Cooperative binding of Oct4, Sox2, and Klf4 with stage-specific transcription factors orchestrates reprogramming [RNA-seq]

Oct4, Sox2, Klf4, and cMyc (OSKM) reprogram somatic cells to pluripotency. To gain a mechanistic understanding of their function, we mapped OSKM-binding, stage-specific transcription-factors (TFs), and chromatin-states in discrete reprogramming stages and performed loss- and gain-of-function experiments.
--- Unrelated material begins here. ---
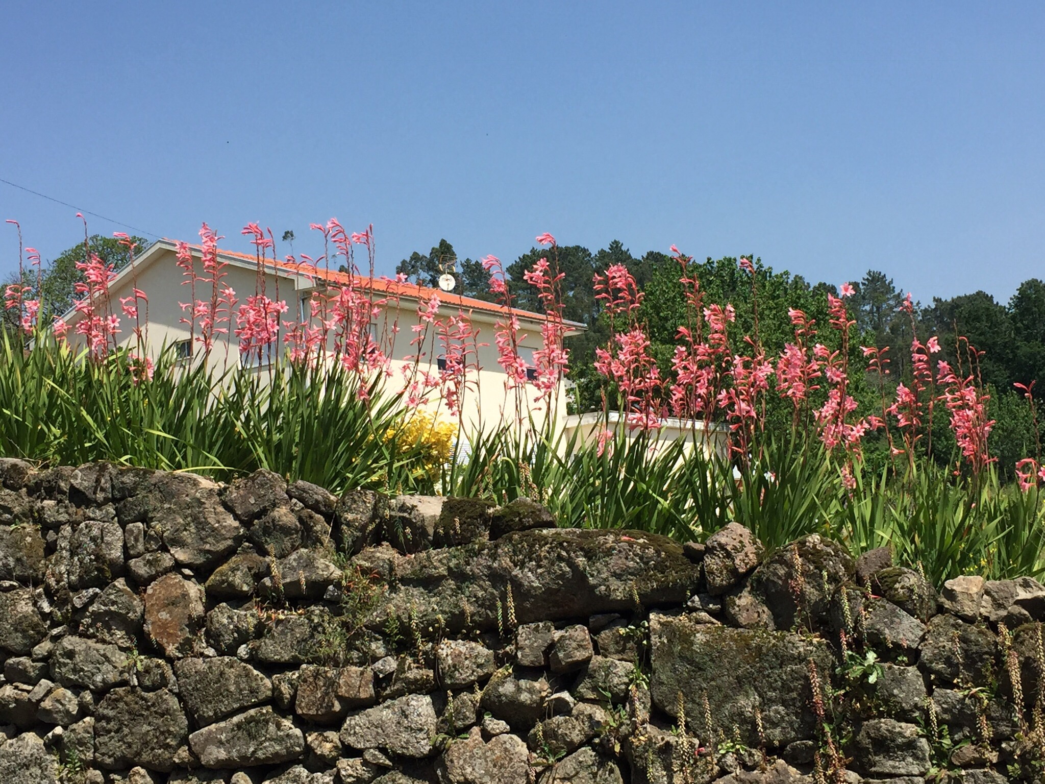 Apart from a few times we had to walk on some busy roads, most of today was on pleasant country roads and through villages and farm land. Later in the day we had to keep an eye on a bushfire that was developing ahead of us and what seemec to be some smaller fires around us. Portugal has planted vast eucalyptus plantations and in this weather its not suprising they are having some bushfires.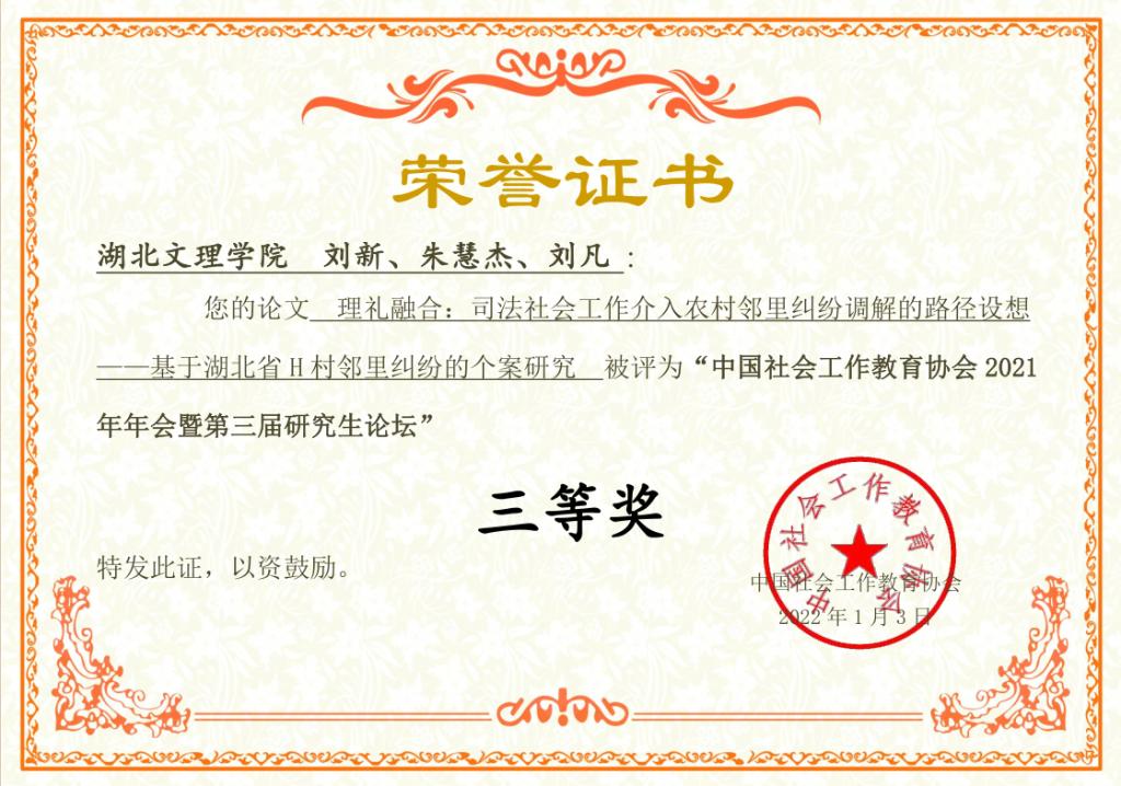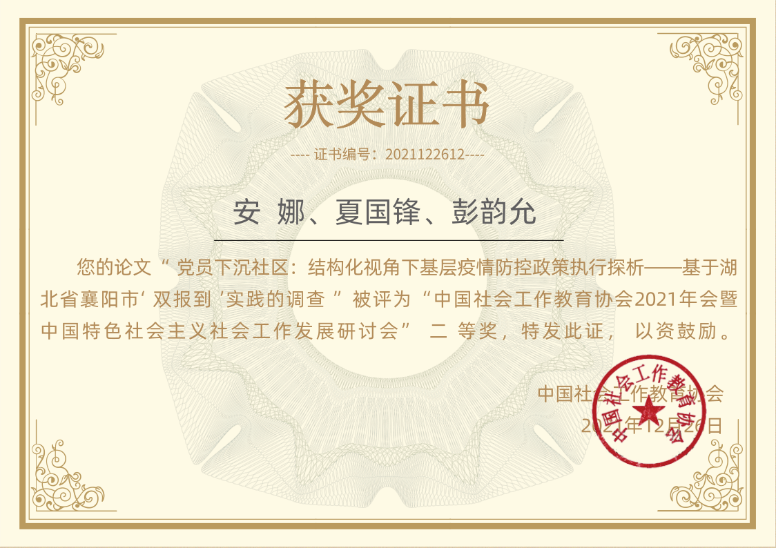 (政法学院  通讯员  彭韵允) 在近日线上召开的中国社会工作教育协会2021年会暨中国特色社会主义社会工作发展研讨会上,我校政法学院社会工作专业研究生安娜、彭韵允合作撰写的《党员下沉社区:结构化视角下基层疫情防控政策执行探析》(指导老师:夏国锋)获评年会论文二等奖;刘新、朱慧杰、刘凡合作撰写的《理礼融合:司法社会工作介入农村邻里纠纷调解的路径设想》(指导老师:何晓红)获评年会论文三等奖。

We found that early in reprogramming OSK extensively bind somatic-enhancers and initiate their decommissioning by recruiting Hdac1. Concurrently, OSK engage other sites, including specific pluripotency-enhancers, and induce the relocation of somatic TFs to these sites and away from somatic-enhancers, extending somatic-enhancer decommissioning genome-wide. Pluripotency-enhancer selection early in reprogramming occurs predominantly at sites with high OSK-motif densities and requires collaborative binding by OSK. Most pluripotency-enhancers are selected later and occupied by OS and stage-specific-TFs like Esrrb. Overexpression of stage-specific-TFs influences reprogramming efficiency by changing OSK-occupancy, somatic-enhancer decommissioning, and pluripotency-enhancer selection. We propose that collaborative interactions among OSK and with stage-specific-TFs direct both somatic-enhancer decommissioning and pluripotency-enhancer selection, which drives the enhancer reorganization underlying reprogramming

Oct4、Sox2、Klf4和cMyc（合称OSKM）可将体细胞重编程为多能性细胞。为阐明其功能的分子机制，本研究绘制了不同离散重编程阶段下OSKM结合位点、阶段特异性转录因子（transcription factor, TF）及染色质状态（chromatin state）的图谱，并开展了功能缺失（loss-of-function）与功能获得（gain-of-function）实验。研究发现，在重编程早期，OSK可广泛结合体细胞增强子（somatic enhancer），并通过招募组蛋白去乙酰化酶1（Hdac1）启动体细胞增强子的失活过程；与此同时，OSK还结合其他位点，包括特定的多能性增强子（pluripotency enhancer），并诱导体细胞转录因子向这些位点迁移、远离体细胞增强子，从而在全基因组范围内延长体细胞增强子的失活进程。重编程早期的多能性增强子筛选主要发生在OSK基序（OSK motif）密度较高的位点，且需要OSK的协同结合才能完成；多数多能性增强子则在后期完成筛选，并由OS及Esrrb等阶段特异性转录因子占据。阶段特异性转录因子的过表达可通过改变OSK结合占据情况、体细胞增强子失活进程以及多能性增强子筛选过程，影响重编程效率。我们提出，OSK之间以及OSK与阶段特异性转录因子之间的协同相互作用，同时调控体细胞增强子失活与多能性增强子筛选过程，进而驱动重编程背后的增强子重组事件。